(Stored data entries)
──────────
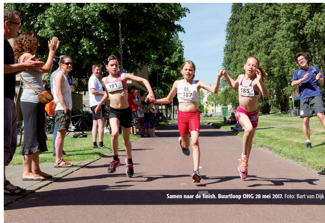
Samen naar de finish. Buurtloop OHG 28 mei 2017.

Op de laatste zondag van mei heeft de 3e editie van de Buurtloop OHG plaatsgevonden. Met het goede weer en een record aantal inschrijvingen is het weer een prachtige dag geworden. Vol enthousiasme begon de dag met de fanfare van Accu, gevolgd door de warming-up van de kinderloop door Leefstijl fysiotherapie. De kinderloop werd officieel geopend door Thijs Reuten van Bestuurscommissie stadsdeel
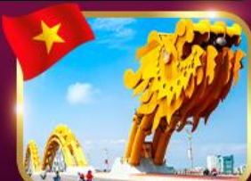
แลนด์มาร์กสะพานมังกร ดานัง
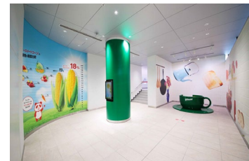
＜スープ見学コース(一部)＞

味の素グループは、“Eat Well, Live Well.”の実現に向け、今後も生活者に安心して召し上がっていただける製品を安定的にお届けできるよう、バリューチェーンの強化を図り、生活者の「食」と「健康」に貢献し続けます。
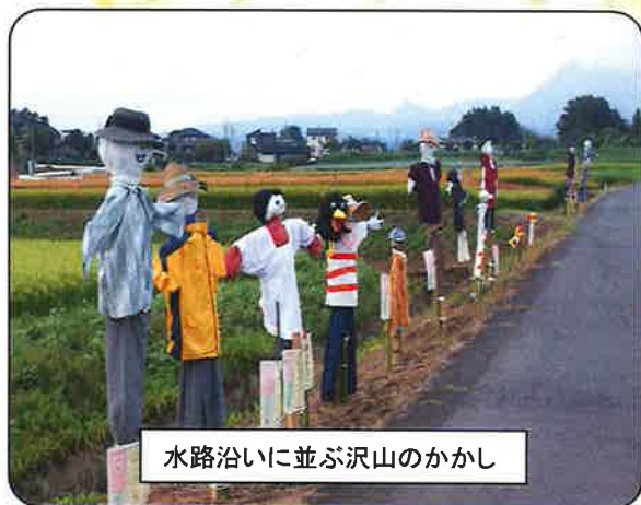
水路沿いに並ぶ沢山のかかし
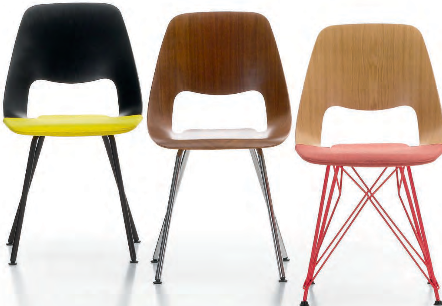
Stuhl „Jill“ für Vitra (2011). The “Jill” chair for Vitra.
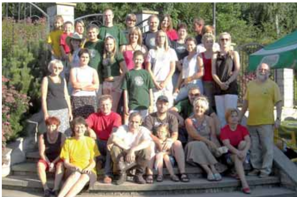
Pracownicy i przyjaciele Muzeum – po zakończeniu Święta Papieru w 2008 r.
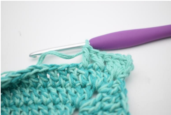
7. Hækl 1 stgm i næste m.
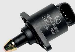
پژو ۴۰۵، سمند، پرشیا
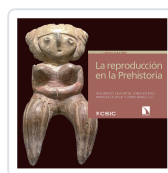
LA REPRODUCCIÓN EN LA PREHISTORIA VILA MITJÀ, ASSUMPCIÓ / ESTÉVEZ ESCALERA, JORDI / LUGLI, FRANCESCA / GRAU REBOL
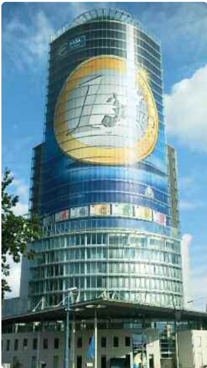
Národní banka Slovenska v Bratislavě

První leden 2009 vstoupí do slovenské historie jako den, kdy u našich sousedů bylo zavedeno euro. I v ekonomické oblasti tak úspěšně završí své dlouholeté úsilí o osamostatnění a zplnoprávnění ve vyspělé Evropě. Cesta od slovenské koruny k euru nebyla vždy prosta rizik a otřesů, vcelku však můžeme říci, že Slovensko vplulo do eurozóny v dobré formě a s jistou „výkonnostní rezervou“. Na zodpovězení otázky, jak silný inflační impulz přinese euro slovenské ekonomice a co bude pro ni znamenat rezignace na samostatnou měnovou politiku, si budeme muset ještě nějaký čas počkat. Pokusme se nyní alespoň zamyslet nad tím, jaké důsledky může mít zavedení eura na Slovensku pro českou ekonomiku. Pracovně můžeme důsledky slovenského přijetí eura rozdělit na přímé a nepřímé. Sílu přímých důsledků lze odhadnout mj. z relativní velikosti české a slovenské ekonomiky a z intenzity jejich ekonomické provázanosti. Přečod na společnou evropskou měnu jistě zvýší v očích zahraničních ekonomických subjektů kredibilitu Slovenska. Pro řadu investorů i obchodníků se stane minulostí nebo
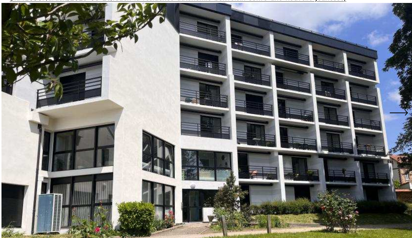
La nouvelle façade de la résidence Bonvoisin - PND

(/id416967/article/2023-05-25/rouen-la-residence-autonomie-bonvoisin-soffre-une-nouvelle-jeunesse)
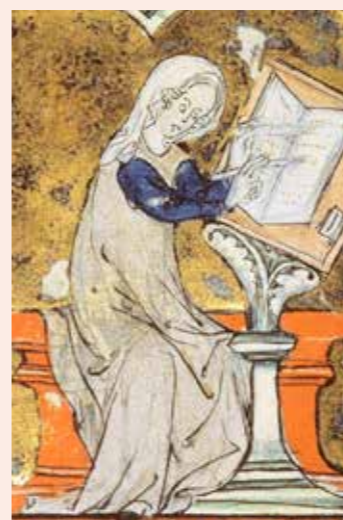
Marie de France avbildad i ett illustrerat manuskript i Frankrikes nationalbibliotek.

att särskilda omständigheter kunde rättfärdiga utomäktenskapliga affärer. Älskarna beskrivs oftast som isolerade och relativt obrydda om sådant som inte direkt rör deras egna bekymmer. De beskriver personer som är individualistiska och ointresserade av att integrera i samhället. Flera dikter beskriver högt uppsatta kvinnor som förför män och många andra beskriver kvinnor som försöker fly från kärlekslösa äktenskap, eller som är frihetsberövade. Genomgående visar Marie de France dikter en föreställning om kvinnlig sexuell frigörelse som var ovanlig för sin tid, precis som det var både ovanligt och anmärkningsvärt att skriva om saker som otrohet och sexualitet under 1100-talet. Marie de France utforskar också en starkare kvinnlig roll i samhället än vad vi är vana att föreställa oss, samt påminner oss om att människor under medeltiden var medvetna om sociala orättvisor och ojämlik-
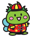
東村山市公式キャラクター「ひがっしー」
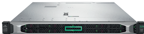
ProLiant DL360 Gen10
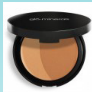
Bronze - sunkiss 425 kr.
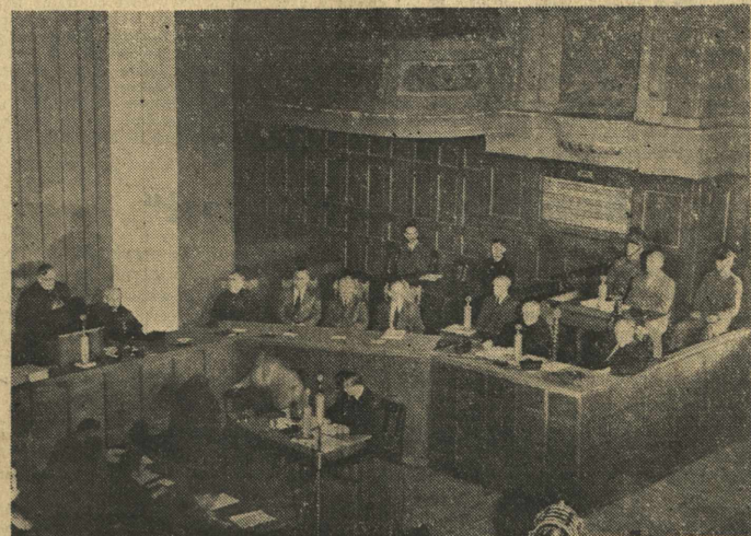
FRAGMENT SALI SĄDOWEJ

ry w tej strasnej wojnie i przeszedł przez okres strasznego sponiewierania i wycucia z wszelkich ludzkich praw. Dziś, kiedy w jego rękach znajdują się ludzie, którzy niedawno byli w roli władców tego kraju, panów życia i śmierci każdego obywatela polskiego, nie szuka on zemsty, nie pragnie walczyć tymi potwornymi środkami, jakimi walczyli i zwyciężali satrapowie. Jako pierwszym ogniwem wymiaru sprawiedliwości Najwyższy Trybunał Narodowy będzie kierował się zasada-
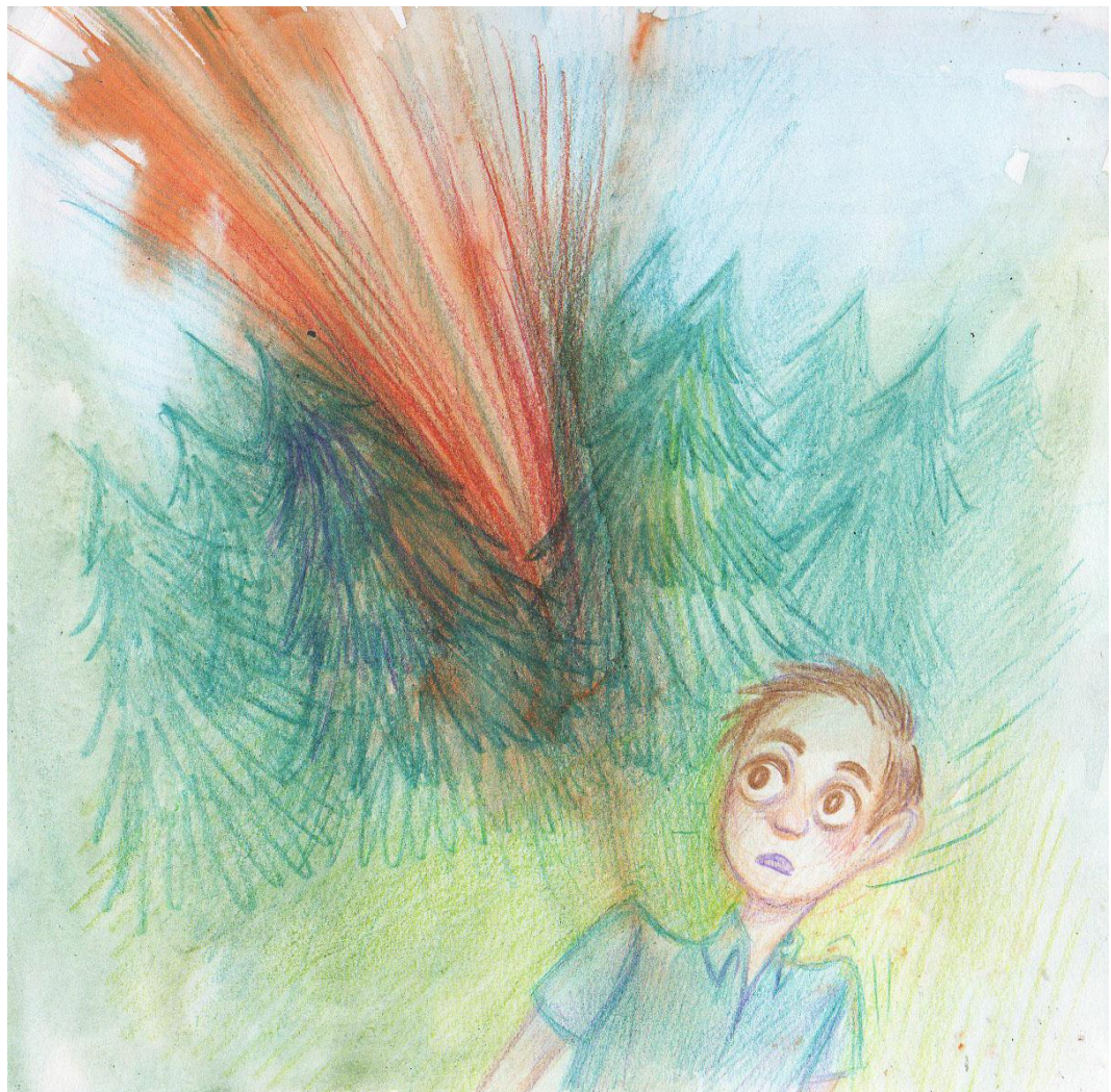
Pokusy různých technik a jejich kombinace
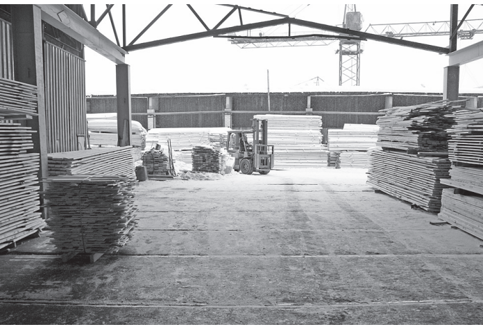
Лесной комплекс наращивает объемы производства.

«Кадровое обеспечение лесного комплекса Вологодской области».
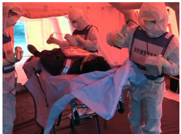
傷病者搬送（汚染検査）
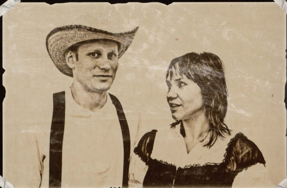
Kurwa Lucy ma na utrzymaniu siedemnastoosobową rodzinę, niewidomego braciszka oraz złote serce, które bije dla Młodego.
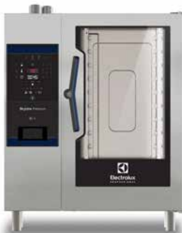
SkyLine Premium kombipároló, 10 GN 1/1, elektromos
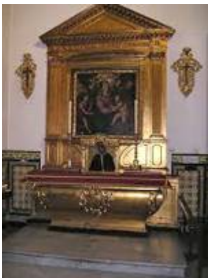
Sagrada familia con San Juanito (retablo de la Virgen de Belén). Pedro Villegas Marmolejo
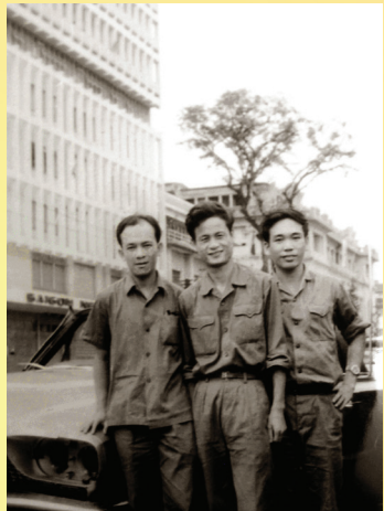
Cán bộ Ngân Hàng trong quân phục giải phóng ngày đầu tại bến Chương Dương
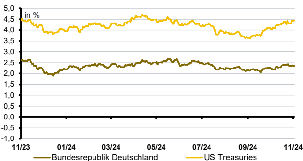
Datenquelle der Grafiken: Bloomberg; Darstellung von 12 Kalendermonater
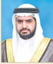
سمو الشيخ عيسى بن علي

♦ التوجيهات الملكية ومتابعة سمو ولي العهد رئيس الوزراء وراء نجاح التصدي للفيروس
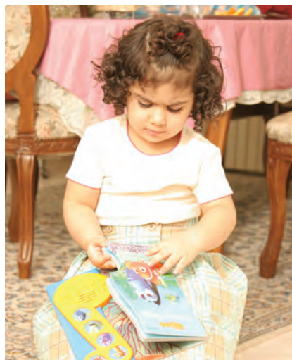
شکل ۳- فعالیت‌های فردی و گروهی کودکان
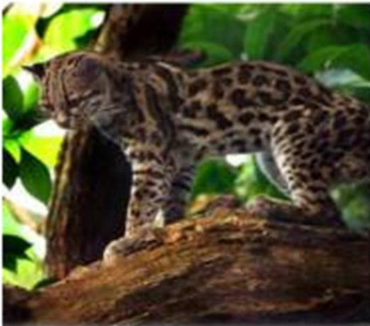
Margay – Leopardus wiedii
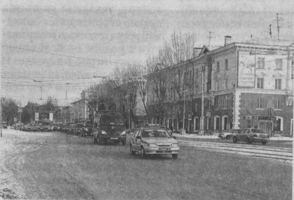
В Кемерове во Всемирный день памяти жертв ДТП прошел ежегодный автопробег.
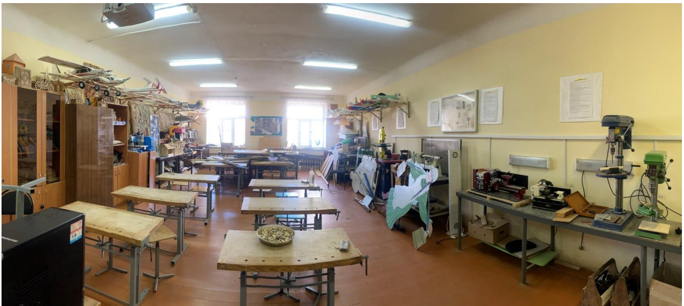
Кабинет столярной мастерской (кабинет технологии).
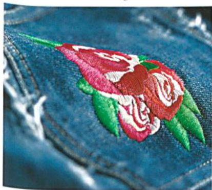
Abb. 2: Glanz ist nicht gleich Glanz bei Stickgarne – es kommt auf die Anforderungen an

Der Glanz des Stickmusters wird zum Teil durch das eingesetzte Garn, zum Teil durch die verwendeten Stiche und deren Länge definiert (Abb. 2).
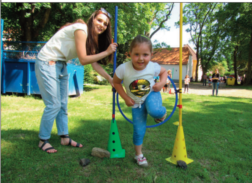
Pindaova překážková dráha
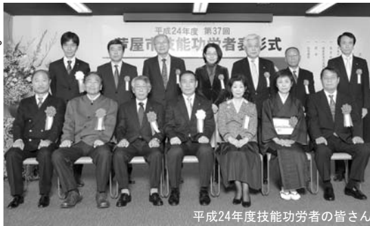
平成24年度技能功労者の皆さん
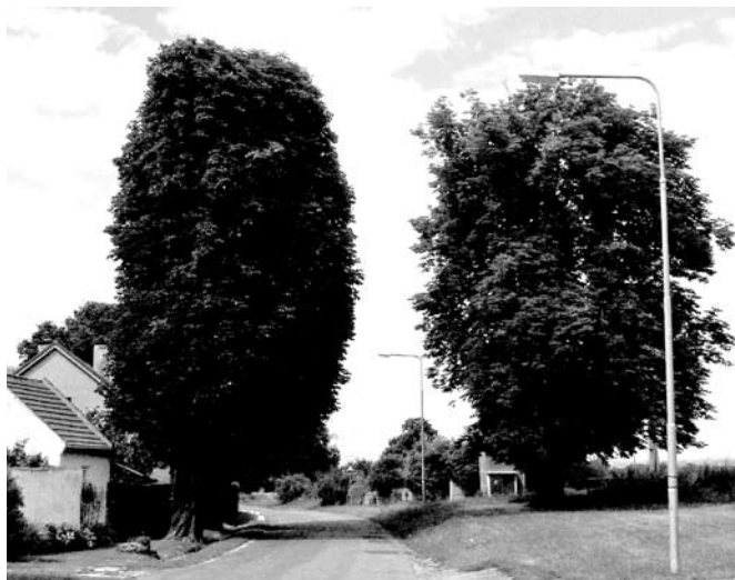
Jírovce u Benáků
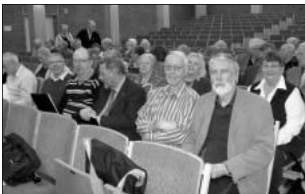
Karlskogagänget bänkade inför årsstämman.

Den 11 april avhölls Örebro distriktets årsstämma på Lindeskolan i Lindesberg.
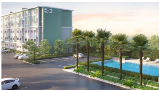
『SENA KITH Westgate Bang Bua Thong (セナ キス ウェストゲート バンプアトン)』
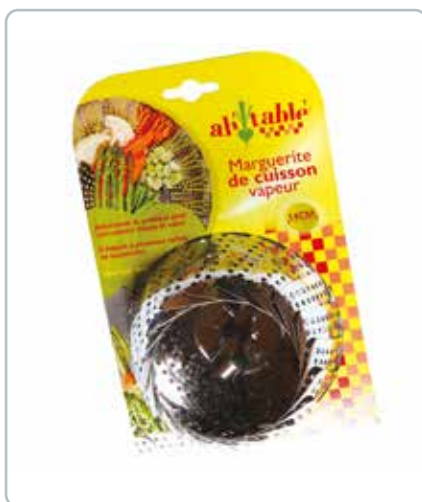
6740 GRØNTSAGSDAMPINDSATS rustfri stål Ø: 140 mm Indsatsen sættes ned i en gryde med lidt vand. Velegnet til grøntsager, fisk og skaldyr.
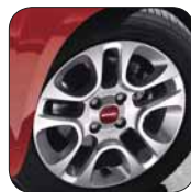
Jantes alliage 14" De série sur Lounge En option sur Pop et Easy
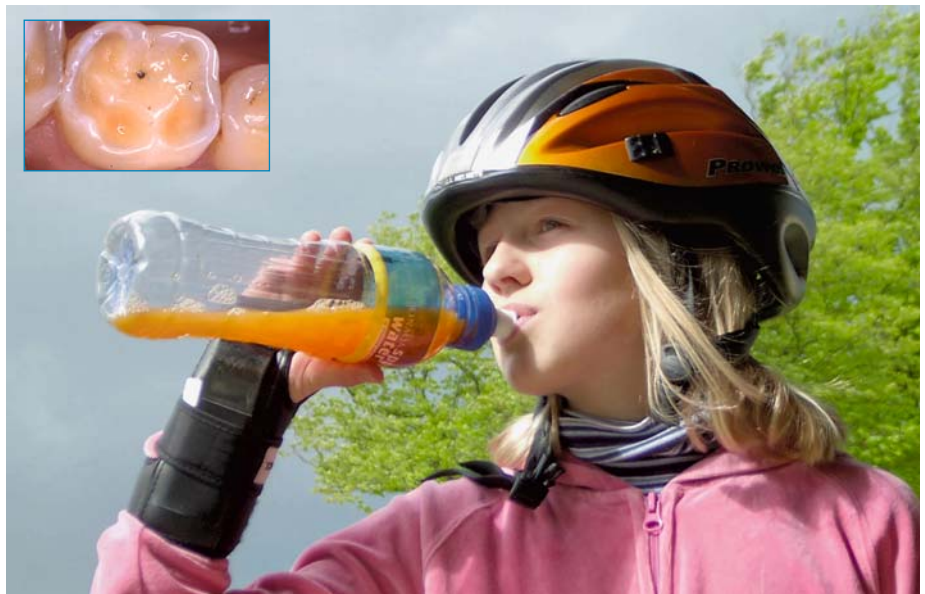
Abb. 11: Säurehaltige Getränke führen zu schmerzhaften Verlusten der Zahnhartsubstanz

anderfolgenden Tagen sein, das vom Betroffenen geführt wird, um so auf erosive Quellen in der Nahrung sowie auf die Häufigkeit und Art der Säureeinwirkung aufmerksam zu werden. Zusätzlich sollte durch individuell verschiedene Fluoridierungsmaßnahmen zu Hause und beim Zahnarzt (Zahnpasten, Mundspüllösungen, Fluoridgele oder -lacke) ein weiterer Mineralverlust der Zähne reduziert bzw. verhindert werden. Bei der Mundhygiene wird empfohlen, eine sanfte Bürsttechnik anzuwenden mit einer Zahncreme, die wenig Putzkörper enthält. Die Mundhygienemaßnahmen sollten ebenfalls nicht unmittelbar nach einer „Säureattacke“ erfolgen. Erst wenn die Zahndefekte so ausgeprägt sind, dass ästhetische und funktionelle Beeinträchtigungen bestehen, müssen entsprechende Therapiemaßnahmen ergriffen werden.
──────────
Brief – Each of the entries above must be copied exactly, but the pictures stay out.

Output for this task –
Samen naar de finish. Buurtloop OHG 28 mei 2017.

Op de laatste zondag van mei heeft de 3e editie van de Buurtloop OHG plaatsgevonden. Met het goede weer en een record aantal inschrijvingen is het weer een prachtige dag geworden. Vol enthousiasme begon de dag met de fanfare van Accu, gevolgd door de warming-up van de kinderloop door Leefstijl fysiotherapie. De kinderloop werd officieel geopend door Thijs Reuten van Bestuurscommissie stadsdeel
แลนด์มาร์กสะพานมังกร ดานัง
＜スープ見学コース(一部)＞

味の素グループは、“Eat Well, Live Well.”の実現に向け、今後も生活者に安心して召し上がっていただける製品を安定的にお届けできるよう、バリューチェーンの強化を図り、生活者の「食」と「健康」に貢献し続けます。
水路沿いに並ぶ沢山のかかし
Stuhl „Jill“ für Vitra (2011). The “Jill” chair for Vitra.
Pracownicy i przyjaciele Muzeum – po zakończeniu Święta Papieru w 2008 r.
7. Hækl 1 stgm i næste m.
پژو ۴۰۵، سمند، پرشیا
LA REPRODUCCIÓN EN LA PREHISTORIA VILA MITJÀ, ASSUMPCIÓ / ESTÉVEZ ESCALERA, JORDI / LUGLI, FRANCESCA / GRAU REBOL
Národní banka Slovenska v Bratislavě

První leden 2009 vstoupí do slovenské historie jako den, kdy u našich sousedů bylo zavedeno euro. I v ekonomické oblasti tak úspěšně završí své dlouholeté úsilí o osamostatnění a zplnoprávnění ve vyspělé Evropě. Cesta od slovenské koruny k euru nebyla vždy prosta rizik a otřesů, vcelku však můžeme říci, že Slovensko vplulo do eurozóny v dobré formě a s jistou „výkonnostní rezervou“. Na zodpovězení otázky, jak silný inflační impulz přinese euro slovenské ekonomice a co bude pro ni znamenat rezignace na samostatnou měnovou politiku, si budeme muset ještě nějaký čas počkat. Pokusme se nyní alespoň zamyslet nad tím, jaké důsledky může mít zavedení eura na Slovensku pro českou ekonomiku. Pracovně můžeme důsledky slovenského přijetí eura rozdělit na přímé a nepřímé. Sílu přímých důsledků lze odhadnout mj. z relativní velikosti české a slovenské ekonomiky a z intenzity jejich ekonomické provázanosti. Přečod na společnou evropskou měnu jistě zvýší v očích zahraničních ekonomických subjektů kredibilitu Slovenska. Pro řadu investorů i obchodníků se stane minulostí nebo
La nouvelle façade de la résidence Bonvoisin - PND

(/id416967/article/2023-05-25/rouen-la-residence-autonomie-bonvoisin-soffre-une-nouvelle-jeunesse)
Marie de France avbildad i ett illustrerat manuskript i Frankrikes nationalbibliotek.

att särskilda omständigheter kunde rättfärdiga utomäktenskapliga affärer. Älskarna beskrivs oftast som isolerade och relativt obrydda om sådant som inte direkt rör deras egna bekymmer. De beskriver personer som är individualistiska och ointresserade av att integrera i samhället. Flera dikter beskriver högt uppsatta kvinnor som förför män och många andra beskriver kvinnor som försöker fly från kärlekslösa äktenskap, eller som är frihetsberövade. Genomgående visar Marie de France dikter en föreställning om kvinnlig sexuell frigörelse som var ovanlig för sin tid, precis som det var både ovanligt och anmärkningsvärt att skriva om saker som otrohet och sexualitet under 1100-talet. Marie de France utforskar också en starkare kvinnlig roll i samhället än vad vi är vana att föreställa oss, samt påminner oss om att människor under medeltiden var medvetna om sociala orättvisor och ojämlik-
東村山市公式キャラクター「ひがっしー」
ProLiant DL360 Gen10
Bronze - sunkiss 425 kr.
FRAGMENT SALI SĄDOWEJ

ry w tej strasnej wojnie i przeszedł przez okres strasznego sponiewierania i wycucia z wszelkich ludzkich praw. Dziś, kiedy w jego rękach znajdują się ludzie, którzy niedawno byli w roli władców tego kraju, panów życia i śmierci każdego obywatela polskiego, nie szuka on zemsty, nie pragnie walczyć tymi potwornymi środkami, jakimi walczyli i zwyciężali satrapowie. Jako pierwszym ogniwem wymiaru sprawiedliwości Najwyższy Trybunał Narodowy będzie kierował się zasada-
Pokusy různých technik a jejich kombinace
Лесной комплекс наращивает объемы производства.

«Кадровое обеспечение лесного комплекса Вологодской области».
傷病者搬送（汚染検査）
Kurwa Lucy ma na utrzymaniu siedemnastoosobową rodzinę, niewidomego braciszka oraz złote serce, które bije dla Młodego.
SkyLine Premium kombipároló, 10 GN 1/1, elektromos
Sagrada familia con San Juanito (retablo de la Virgen de Belén). Pedro Villegas Marmolejo
Cán bộ Ngân Hàng trong quân phục giải phóng ngày đầu tại bến Chương Dương
Datenquelle der Grafiken: Bloomberg; Darstellung von 12 Kalendermonater
سمو الشيخ عيسى بن علي

♦ التوجيهات الملكية ومتابعة سمو ولي العهد رئيس الوزراء وراء نجاح التصدي للفيروس
شکل ۳- فعالیت‌های فردی و گروهی کودکان
Margay – Leopardus wiedii
В Кемерове во Всемирный день памяти жертв ДТП прошел ежегодный автопробег.
Кабинет столярной мастерской (кабинет технологии).
Abb. 2: Glanz ist nicht gleich Glanz bei Stickgarne – es kommt auf die Anforderungen an

Der Glanz des Stickmusters wird zum Teil durch das eingesetzte Garn, zum Teil durch die verwendeten Stiche und deren Länge definiert (Abb. 2).
Pindaova překážková dráha
平成24年度技能功労者の皆さん
Jírovce u Benáků
Karlskogagänget bänkade inför årsstämman.

Den 11 april avhölls Örebro distriktets årsstämma på Lindeskolan i Lindesberg.
『SENA KITH Westgate Bang Bua Thong (セナ キス ウェストゲート バンプアトン)』
6740 GRØNTSAGSDAMPINDSATS rustfri stål Ø: 140 mm Indsatsen sættes ned i en gryde med lidt vand. Velegnet til grøntsager, fisk og skaldyr.
Jantes alliage 14" De série sur Lounge En option sur Pop et Easy
Abb. 11: Säurehaltige Getränke führen zu schmerzhaften Verlusten der Zahnhartsubstanz

anderfolgenden Tagen sein, das vom Betroffenen geführt wird, um so auf erosive Quellen in der Nahrung sowie auf die Häufigkeit und Art der Säureeinwirkung aufmerksam zu werden. Zusätzlich sollte durch individuell verschiedene Fluoridierungsmaßnahmen zu Hause und beim Zahnarzt (Zahnpasten, Mundspüllösungen, Fluoridgele oder -lacke) ein weiterer Mineralverlust der Zähne reduziert bzw. verhindert werden. Bei der Mundhygiene wird empfohlen, eine sanfte Bürsttechnik anzuwenden mit einer Zahncreme, die wenig Putzkörper enthält. Die Mundhygienemaßnahmen sollten ebenfalls nicht unmittelbar nach einer „Säureattacke“ erfolgen. Erst wenn die Zahndefekte so ausgeprägt sind, dass ästhetische und funktionelle Beeinträchtigungen bestehen, müssen entsprechende Therapiemaßnahmen ergriffen werden.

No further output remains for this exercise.